● Dataset content
▶
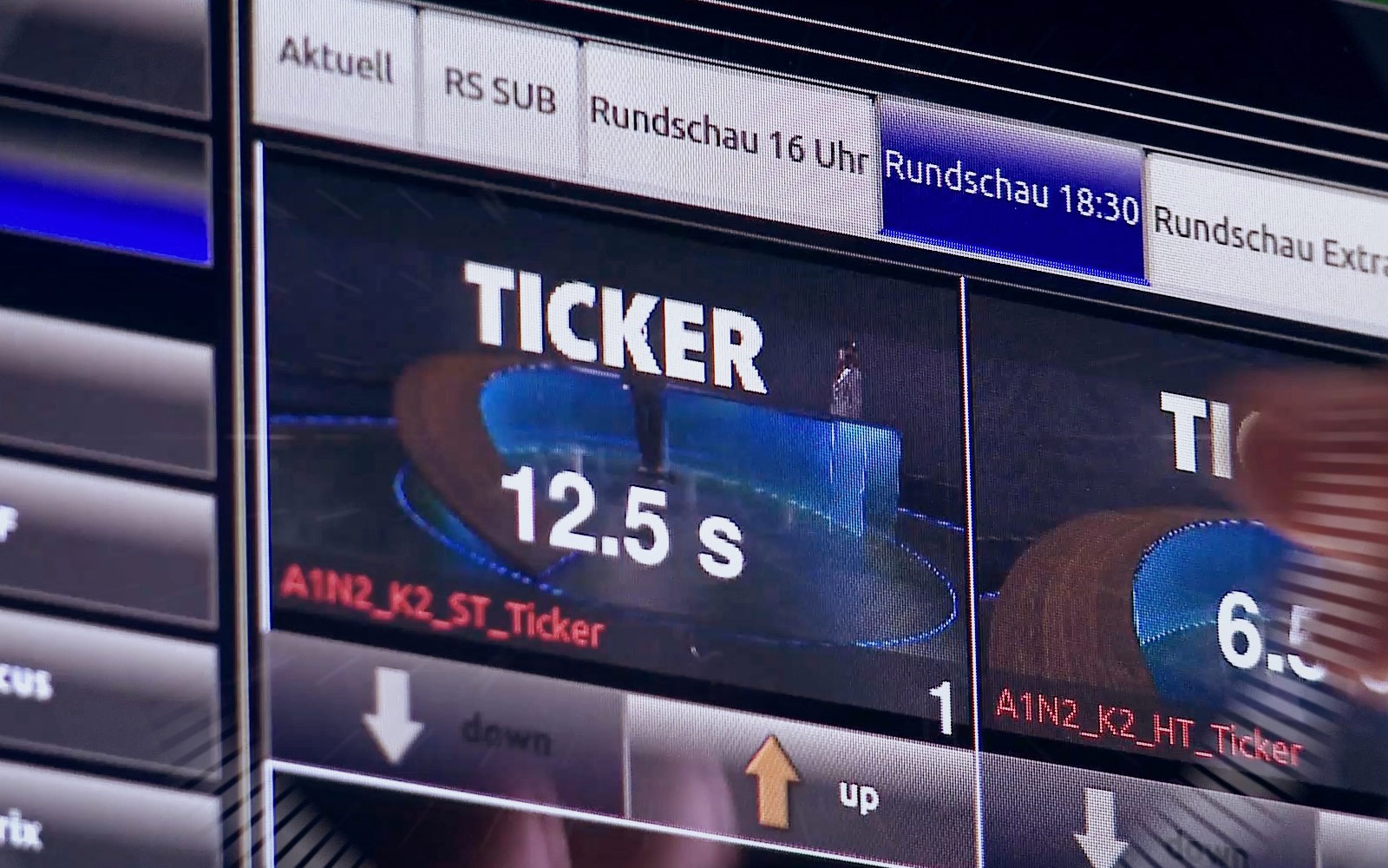 Grafik und Automationssystem: Vizrt Opus (2-kanaliges Echtzeitgrafiksystem mit integrierter Mosart Regieautomation, acht Videoeingänge, externes Audiopult Stagetec OnAir 24)
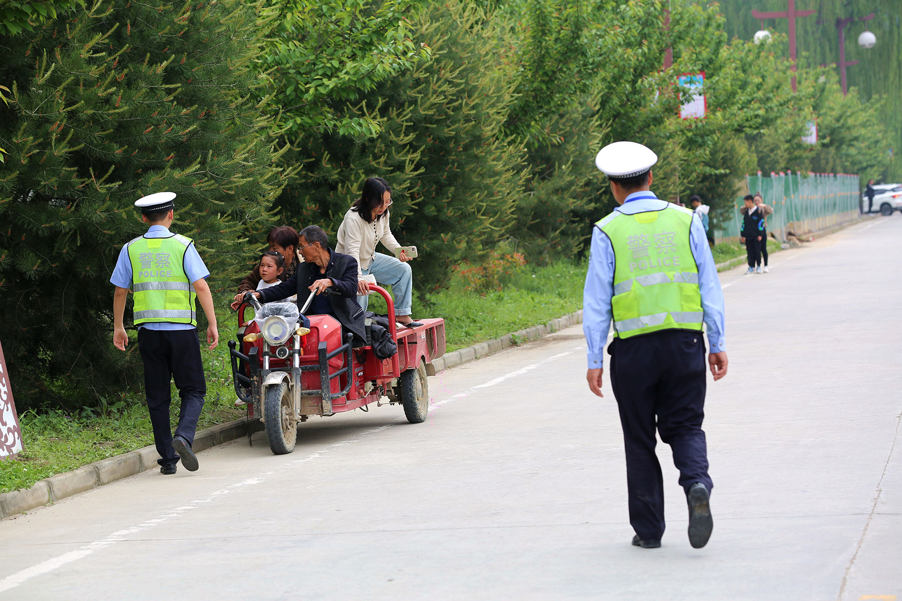5月4日,陜西省渭南市潼關(guān)縣公安局交警大隊(duì)民警嚴(yán)查嚴(yán)控農(nóng)用三輪車非法載人交通違法行為。
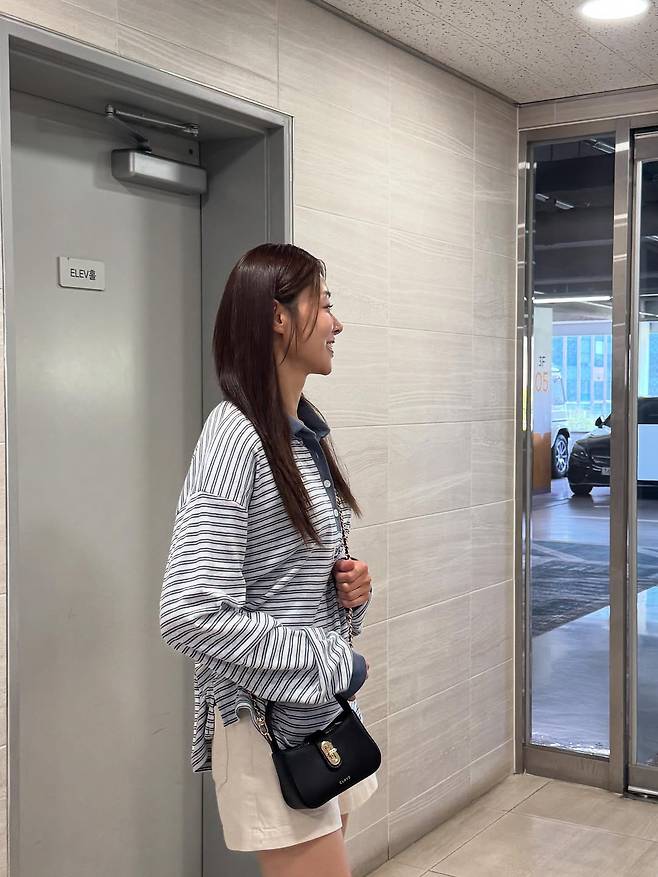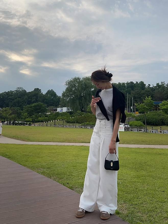 여기에 블랙 니트를 어깨에 걸쳐 포인트를 주고, 미니 핸드백과 샌들로 마무리하며 실용성과 스타일을 모두 챙긴 모습이다.
◀
● Action item
Please repeat the listing above word for word, with the pictures removed.

● Answer area
 Grafik und Automationssystem: Vizrt Opus (2-kanaliges Echtzeitgrafiksystem mit integrierter Mosart Regieautomation, acht Videoeingänge, externes Audiopult Stagetec OnAir 24)
5月4日,陜西省渭南市潼關(guān)縣公安局交警大隊(duì)民警嚴(yán)查嚴(yán)控農(nóng)用三輪車非法載人交通違法行為。
 여기에 블랙 니트를 어깨에 걸쳐 포인트를 주고, 미니 핸드백과 샌들로 마무리하며 실용성과 스타일을 모두 챙긴 모습이다.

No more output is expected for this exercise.